Strong Financial Sector
Qatar can also rely on a strong financial sector to support innovation. Banks’ total assets equal more than double Qatar’s GDP, according to Fitch Ratings; and despite the pandemic, local lenders stand strong. The financial sector is actually better shielded than it was in the 2008 financial crisis thanks to stronger capitalizations, wider use of digital solutions and the role banks play in transferring money from the government to distressed companies. “Covid-19 has been an accelerator for fintech in Qatar, with its ambition to have a cashless FIFA World Cup Qatar 2022 and to focus on financial inclusion,” comments Hoogendoorn.
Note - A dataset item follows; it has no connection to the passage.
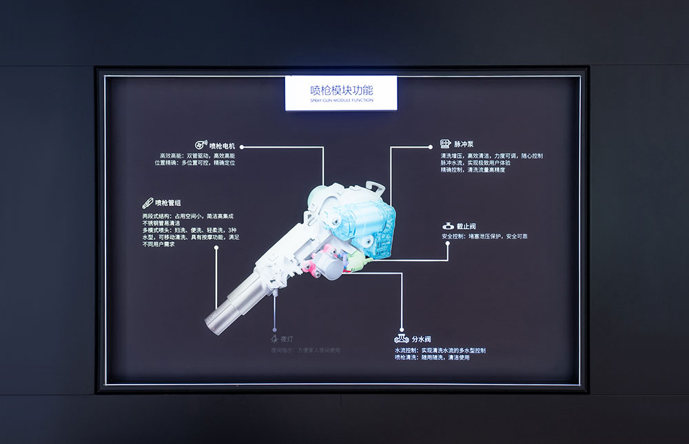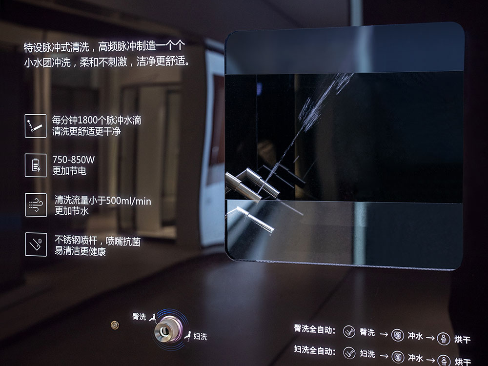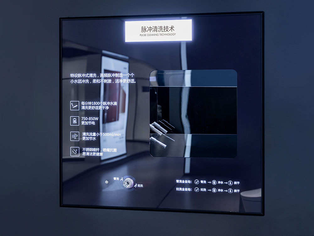 门店整体强调以细节突显产品质感,对产品的陈列既兼顾了卫浴产品的美观性,也将功能性一一展现。店内功能分区明确,各品类款式新颖,尺寸可选,从智能单品,到定制浴室柜产品,一应俱全。

Two weaknesses remain, however: high exposure to an oversupplied real estate market and heavy reliance on nonresident assets. According to recent figures published by international ratings agency Fitch, nondomestic funding (mostly Asian) accounts for about 40% of total bank assets and 25% of deposits. In the current context, there is a fear those depositors and investors might wish to cash out, thereby putting pressure on the liquidity and margins of Qatari banks.
The government is put to the test: Can it protect local banks’ asset quality in case of a liquidity crisis? The answer is probably yes. The authorities should be easily able to replace the missing deposits, as they did when the embargo imposed in 2017 pushed many Gulf Cooperation Council clients to withdraw their money.
The country’s massive sovereign wealth fund—the numbers and performance of which are not publicly disclosed—and vast assets abroad provide a shield against any type of shock. “Everyone was skeptical about how Qatar would perform; but after three years of blockade, and now a pandemic, you can rightly claim that Qatar did well, proved to be resilient and can still grow and achieve,” says Hafez.
The next big test for the tiny emirate will be the 2022 World Cup. Provided Covid-19 allows it, Qatar is convinced it can deliver.